So IC really does matter here, and it will continue to matter a lot as
long as the CR/CPIs are comparable.

Got that?  There will a quiz at the end of this posting...

>> MIPS compiler is not significantly better than the current SPARC compiler. 
>> Considering the bad press, I will admit I was surprised by this
>> myself. 
>Doesn't surprise me too greatly.

Well, here are some more sample dynamic instruction counts from pixie 
and spixstats, in millions:

Machine:	Sun4	M/1000
Opt Level:	-O4	-O3

bison		28.5	21.9
cc1 (gcc-1.30)	10.9	12.0	[ -O2 for mips, uld dumped core at -O3 ]
compress	197	202	[ two loops ]
gnu diff	30.3	102	[ bug in mips cc ]
gnu egrep	3.3	5.1	[ one loop, difference is all nops, addr calc ]
gnu awk-1.1	28	27	[ weird code, both optimizers had a hard time ]
TimberWolf3.3	230	175
doduc		366	287	[ sun does lots of extra s<->d prec conversion ]

So it can go both ways, for both compiler and ISA reasons.  I have my 
own opinions about the compilers from looking at assembly code but 
I'll let qualified people pass official judgment on them.  [ I'm
in enough trouble, grad students aren't supposed to have opinions in 
the first place :-) ]

I find it hard to argue that SPARC is better architecturally because 
it executes fewer instructions -- it really isn't always true, and 
sometimes it REALLY isn't always true.  I mean -- sweeping generalities
based on a sample of one?

>				  The register windows compensate quite
>well for outdated compiler technology, which is why the UCB guys used
>them in the first place (so they could re-target PCC, instead of
>having to dig up come compiler guys to do a moby optimizing hack).

Well, he wasn't *just* talking about loads and stores...

>> The opinions here are my own and do not necessarily represent those of
>> Sun Microsystems.
>Are you sure?
>I mean, it sounded so lot like a product of the Sun Microsystems PR
>department! (except that they would not be so clumsy about it, of
>course). 

Sigh.  Looks like the RISC wars really are on again, bigger and badder 
than ever ... 

[ OK, so I lied about the quiz. ]
----------------
Paul M. Aoki
CS Division, Dept. of EECS // UCB // Berkeley, CA 94720		(415) 642-1863
aoki@postgres.Berkeley.EDU					...!ucbvax!aoki

pavlov@hscfvax.harvard.edu (G.Pavlov) (12/19/88)

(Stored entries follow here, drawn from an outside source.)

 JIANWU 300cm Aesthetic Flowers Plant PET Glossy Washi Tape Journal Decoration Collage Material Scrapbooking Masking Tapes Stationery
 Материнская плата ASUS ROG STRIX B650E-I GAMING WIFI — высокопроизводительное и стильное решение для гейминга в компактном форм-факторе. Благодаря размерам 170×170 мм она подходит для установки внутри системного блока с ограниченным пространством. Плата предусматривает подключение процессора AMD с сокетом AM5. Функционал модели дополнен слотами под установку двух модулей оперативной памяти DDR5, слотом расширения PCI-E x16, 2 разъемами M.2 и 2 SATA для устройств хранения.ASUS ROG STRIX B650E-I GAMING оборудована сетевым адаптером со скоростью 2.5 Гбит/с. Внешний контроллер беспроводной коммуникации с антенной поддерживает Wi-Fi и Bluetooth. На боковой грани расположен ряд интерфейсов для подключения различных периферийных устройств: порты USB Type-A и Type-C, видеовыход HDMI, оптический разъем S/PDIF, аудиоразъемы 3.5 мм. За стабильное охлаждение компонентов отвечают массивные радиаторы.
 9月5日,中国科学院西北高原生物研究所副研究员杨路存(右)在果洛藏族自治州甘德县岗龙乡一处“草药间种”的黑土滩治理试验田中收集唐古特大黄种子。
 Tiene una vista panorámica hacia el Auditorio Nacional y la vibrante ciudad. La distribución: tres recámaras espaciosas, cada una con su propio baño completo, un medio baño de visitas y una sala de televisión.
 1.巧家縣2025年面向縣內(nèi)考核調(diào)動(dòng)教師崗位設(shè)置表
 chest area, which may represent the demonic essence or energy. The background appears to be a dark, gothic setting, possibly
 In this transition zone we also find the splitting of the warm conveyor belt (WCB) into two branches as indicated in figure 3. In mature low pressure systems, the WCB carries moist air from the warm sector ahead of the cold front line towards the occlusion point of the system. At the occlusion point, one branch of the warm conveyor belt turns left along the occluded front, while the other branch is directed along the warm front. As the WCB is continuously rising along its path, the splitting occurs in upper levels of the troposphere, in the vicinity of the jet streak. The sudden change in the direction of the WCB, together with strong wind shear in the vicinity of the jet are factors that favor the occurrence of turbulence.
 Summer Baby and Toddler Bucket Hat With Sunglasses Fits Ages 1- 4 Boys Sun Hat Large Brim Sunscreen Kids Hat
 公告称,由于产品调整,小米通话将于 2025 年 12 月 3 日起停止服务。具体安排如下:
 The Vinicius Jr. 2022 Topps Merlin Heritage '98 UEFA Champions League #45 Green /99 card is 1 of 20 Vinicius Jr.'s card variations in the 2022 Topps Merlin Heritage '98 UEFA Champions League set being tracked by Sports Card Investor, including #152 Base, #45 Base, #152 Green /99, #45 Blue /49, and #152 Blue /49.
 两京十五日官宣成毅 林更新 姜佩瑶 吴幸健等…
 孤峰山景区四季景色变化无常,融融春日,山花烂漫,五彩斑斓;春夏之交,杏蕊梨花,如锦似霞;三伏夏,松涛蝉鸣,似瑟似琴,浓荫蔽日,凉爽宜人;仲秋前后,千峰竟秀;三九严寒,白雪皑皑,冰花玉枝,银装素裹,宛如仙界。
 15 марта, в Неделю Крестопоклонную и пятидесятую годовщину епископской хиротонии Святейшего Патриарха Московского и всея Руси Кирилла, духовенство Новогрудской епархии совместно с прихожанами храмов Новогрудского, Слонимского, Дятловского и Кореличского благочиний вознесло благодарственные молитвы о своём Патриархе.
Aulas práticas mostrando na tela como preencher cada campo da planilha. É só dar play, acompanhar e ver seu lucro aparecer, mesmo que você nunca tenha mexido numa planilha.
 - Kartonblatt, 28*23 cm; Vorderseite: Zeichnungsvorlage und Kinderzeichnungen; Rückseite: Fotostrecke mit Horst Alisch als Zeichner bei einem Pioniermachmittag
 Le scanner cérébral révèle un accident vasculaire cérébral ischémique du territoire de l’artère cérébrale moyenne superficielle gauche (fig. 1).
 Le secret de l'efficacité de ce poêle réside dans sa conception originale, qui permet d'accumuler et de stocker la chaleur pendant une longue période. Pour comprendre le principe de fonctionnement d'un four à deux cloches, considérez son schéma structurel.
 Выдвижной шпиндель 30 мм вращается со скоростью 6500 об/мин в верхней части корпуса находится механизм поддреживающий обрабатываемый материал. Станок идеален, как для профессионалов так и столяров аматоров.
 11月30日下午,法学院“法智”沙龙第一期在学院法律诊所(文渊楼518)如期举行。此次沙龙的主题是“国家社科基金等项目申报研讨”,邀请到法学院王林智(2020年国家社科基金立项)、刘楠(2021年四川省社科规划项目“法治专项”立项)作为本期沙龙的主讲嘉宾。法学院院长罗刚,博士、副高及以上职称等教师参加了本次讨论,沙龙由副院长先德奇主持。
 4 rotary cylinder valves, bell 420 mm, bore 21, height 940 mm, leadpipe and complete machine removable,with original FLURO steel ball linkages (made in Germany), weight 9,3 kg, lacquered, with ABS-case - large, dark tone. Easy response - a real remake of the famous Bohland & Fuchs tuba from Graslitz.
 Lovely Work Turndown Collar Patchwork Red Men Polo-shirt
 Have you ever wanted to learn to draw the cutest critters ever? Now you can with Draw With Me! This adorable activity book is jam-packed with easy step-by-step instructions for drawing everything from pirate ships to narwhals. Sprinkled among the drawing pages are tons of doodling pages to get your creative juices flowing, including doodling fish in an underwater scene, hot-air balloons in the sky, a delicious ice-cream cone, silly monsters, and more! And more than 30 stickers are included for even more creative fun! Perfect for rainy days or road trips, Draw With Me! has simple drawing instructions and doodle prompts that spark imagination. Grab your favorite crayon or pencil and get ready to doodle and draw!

In article <82150@sun.uucp>, edkelly%aisling@Sun.COM (Ed Kelly) writes:
> 
>             A COMPARISON OF SPARC VS MIPS ON A LARGE C PROGRAM.
> 
> For the comparison we chose a large portable C program (the GNU C Compiler rev
> 1.24) and compiled the identical source on a Sun-4/280 with the SPARC compiler
> to produce a SPARC binary, and on a MIPS M/1000 with the MIPS compiler to 
> produce a MIPS binary.              ^^^^^^^^^^^

  Why did you not use a current-generation MIPS in the comparison ???

dce@mips.COM (David Elliott) (12/19/88)

In article <697@hscfvax.harvard.edu> pavlov@hscfvax.harvard.edu (G.Pavlov) writes:
>In article <82150@sun.uucp>, edkelly%aisling@Sun.COM (Ed Kelly) writes:

[comparison of code generated by SPARC on Sun 4 and MIPS on an M/1000]

>  Why did you not use a current-generation MIPS in the comparison ???

There's no point.  The M/120 and M/2000 have the same compilers and run
the same object code.  Since the comparison is of code generation and
not execution speed, the actual machine doesn't make a big difference.

-- 
David Elliott		dce@mips.com  or  {ames,prls,pyramid,decwrl}!mips!dce
"Did you see his eyes?  Did you see his crazy eyes?" -- Iggy (who else?)

dce@mips.COM (David Elliott) (12/20/88)

In article <697@hscfvax.harvard.edu> pavlov@hscfvax.harvard.edu (G.Pavlov) writes:
>  Why did you not use a current-generation MIPS in the comparison ???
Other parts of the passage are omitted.